Many people are reacting to these developments with shock and horror. On social media, comments accumulate such as: “Are you insane? We’ve been through all this before,” or “How horrible! Is history repeating itself now?” Many remember that the greatest crime in human history began with Jews being discriminated against and persecuted simply because of their origin and faith.

When a restauranteur in southern Germany announced on his Facebook page that in future he would refuse entry to his restaurant to people with Russian passports, he unleashed a media storm and protests on his doorstep. Despite a quick apology, he lost most of his regular customers.

Yesterday, after sustained protests, the management of the Frankfurt Book Fair reaffirmed its decision to exclude the official Russian stand from the Book Fair.
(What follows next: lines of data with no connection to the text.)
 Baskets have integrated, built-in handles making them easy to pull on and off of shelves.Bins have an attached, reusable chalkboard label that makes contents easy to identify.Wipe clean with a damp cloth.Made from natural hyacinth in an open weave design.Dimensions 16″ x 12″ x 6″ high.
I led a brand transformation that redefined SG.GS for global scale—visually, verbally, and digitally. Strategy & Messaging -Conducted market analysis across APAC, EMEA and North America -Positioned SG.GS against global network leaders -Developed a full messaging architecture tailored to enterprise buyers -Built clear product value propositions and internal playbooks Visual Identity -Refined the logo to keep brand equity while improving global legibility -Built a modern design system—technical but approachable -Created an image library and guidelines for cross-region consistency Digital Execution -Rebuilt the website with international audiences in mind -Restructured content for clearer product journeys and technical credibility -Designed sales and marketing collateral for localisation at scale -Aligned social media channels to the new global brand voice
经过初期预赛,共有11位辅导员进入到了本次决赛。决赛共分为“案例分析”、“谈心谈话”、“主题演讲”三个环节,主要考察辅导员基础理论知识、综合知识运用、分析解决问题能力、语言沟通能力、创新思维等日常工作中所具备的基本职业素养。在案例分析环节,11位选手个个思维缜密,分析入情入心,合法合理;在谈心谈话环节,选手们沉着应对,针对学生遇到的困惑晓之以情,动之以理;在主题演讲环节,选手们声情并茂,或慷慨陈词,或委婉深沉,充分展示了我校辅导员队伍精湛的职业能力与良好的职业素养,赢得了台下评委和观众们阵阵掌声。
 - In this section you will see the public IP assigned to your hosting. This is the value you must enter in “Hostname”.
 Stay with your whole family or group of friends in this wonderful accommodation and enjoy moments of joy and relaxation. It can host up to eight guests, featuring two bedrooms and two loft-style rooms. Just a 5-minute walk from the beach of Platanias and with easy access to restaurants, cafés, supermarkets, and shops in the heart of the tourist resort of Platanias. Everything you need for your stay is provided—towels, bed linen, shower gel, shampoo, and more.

They justified this by saying that Russia’s invasion of Ukraine was an “unparalleled event in recent European history” and that the exclusion of the Russian stand served to support the liberal Russian public.
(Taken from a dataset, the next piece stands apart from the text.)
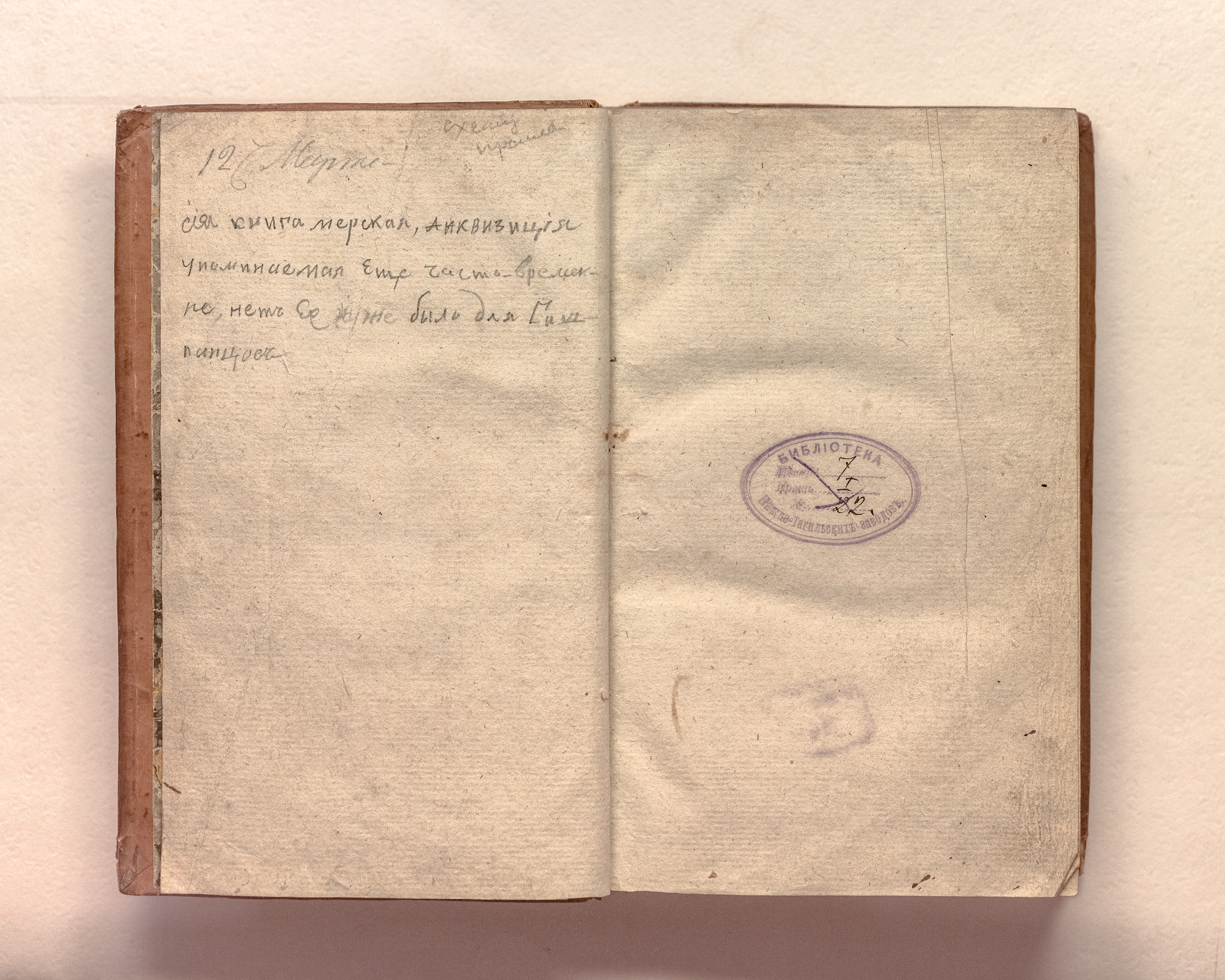 «Библиотека Нижне-Тагильских заводов. Шкаф 7. Полка I. № 22» (перепл. л.);

This rationale is false and mendacious. The claim that the exclusion of the Russian stand is in defence of freedom of expression in Russia is simply absurd. The opposite is the case. Just like the dismissal of Gergiev and Netrebko, the boycott of Russian literature serves to undermine freedom of expression and introduce collective punishment.
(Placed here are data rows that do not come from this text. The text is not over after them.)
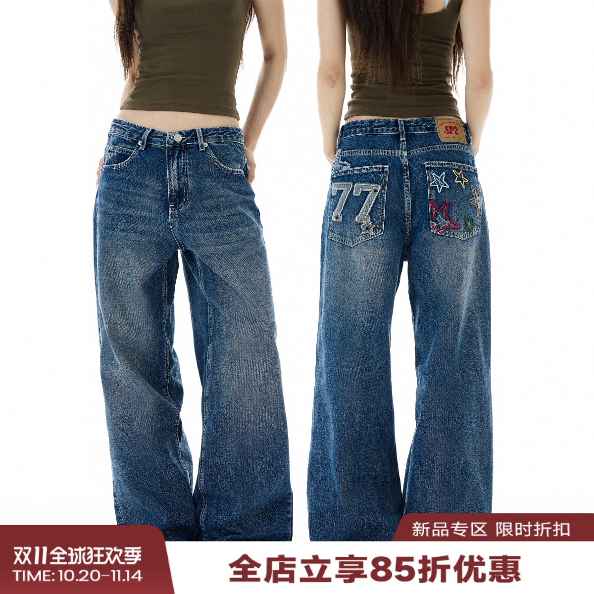 Tailang's shop, American high street straight leg loose wide-leg jeans, men's and women's design patch pants, couple trendy brand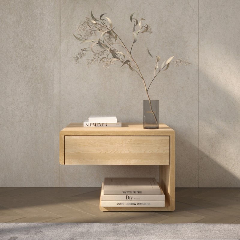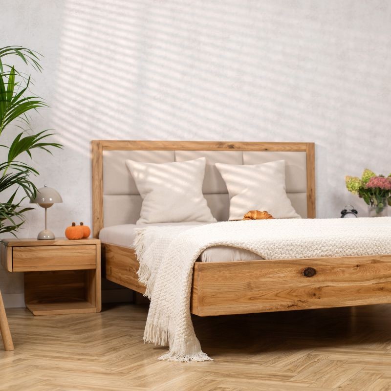 Szafka nocna ZEN PLUS z litego dębu – minimalistyczna forma, solidne wykonanie. Lewa strona łóżka.
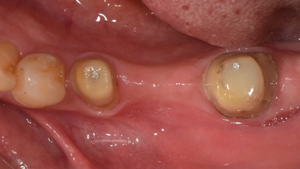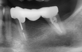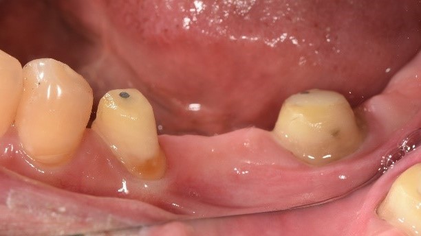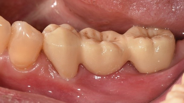 原先病人做牙橋的大臼齒因為牙根發炎,疼痛難耐,前來做根管治療,但因為大臼齒牙根末端神經較複雜、且有張口困難的問題,因此更增加了做根管治療的困難度,在經醫師評估後,建議做蓄意再植手術。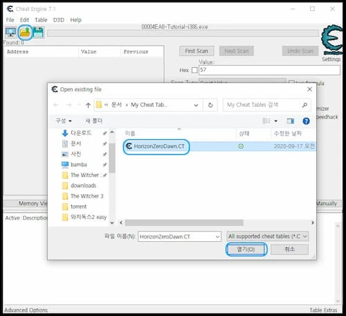 6. 해당 모드에서 다운로드한 치트 엔진 테이블을 불러옵니다.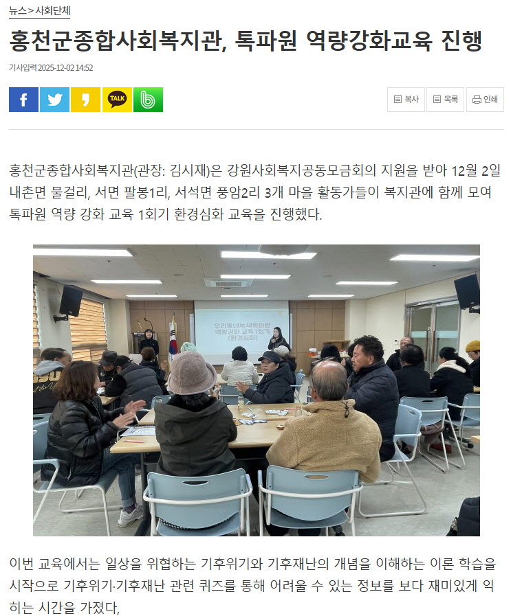 “우리 동네 녹색 톡(talk)파원” 톡파원 역량강화교육 진행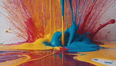 Dynamic Paint Splash Explosion in Motion A high-speed capture of vibrant acrylic paint splashing mid-air in bold primary colors, frozen

When the German military supported the bombing of the Serbian capital Belgrade in its first international war mission in 1999, cultural officials did not call for a boycott. Instead, they unleashed a campaign against Peter Handke, one of the few German-language writers who dared to protest publicly against this barbaric act.

In 2012, the 84-year-old Nobel laureate Günter Grass also became the target of a furious smear campaign when he criticised Israeli bombing terror against Palestinians in Gaza in a poem.

When the US and its NATO allies invaded Afghanistan, Iraq and Libya and fuelled the civil war in Syria—wars that claimed over a million victims and drove millions more to flee—the Frankfurt Book Fair did not exclude the Americans or the British, nor did it demand political confessions from artists.

Nor is the current war in Ukraine—as reactionary and deplorable as Russia’s actions are—by any means all down to Putin. Through their numerous wars, the military encirclement of Russia and the support of the right-wing coup in Kiev eight years ago, the US and NATO have systematically provoked it. Now they are flooding the country with weapons and turning it into an El Dorado for international mercenaries and fascist militias to make the war as bloody as possible.

The US, Germany and NATO are pursuing the goal of installing a regime in Moscow that will also serve their interests, eliminate Russia as a strategic rival and gain unrestricted access to its vast natural resources. The German government is using the war in Ukraine as a welcome opportunity to shake off all the restrictions of the past and to emerge as the strongest military power in Europe.

When Chancellor Olaf Scholz delivered his war speech in parliament last Sunday, announcing the biggest rearmament programme in Germany since Hitler and inaugurating direct arms deliveries to Ukraine, there was euphoria among the assembled deputies. There was no end to the standing ovations. Anyone who opposes this is to be intimidated. The agitation against the Russians serves the ideological mobilisation for NATO’s long-prepared war against Russia.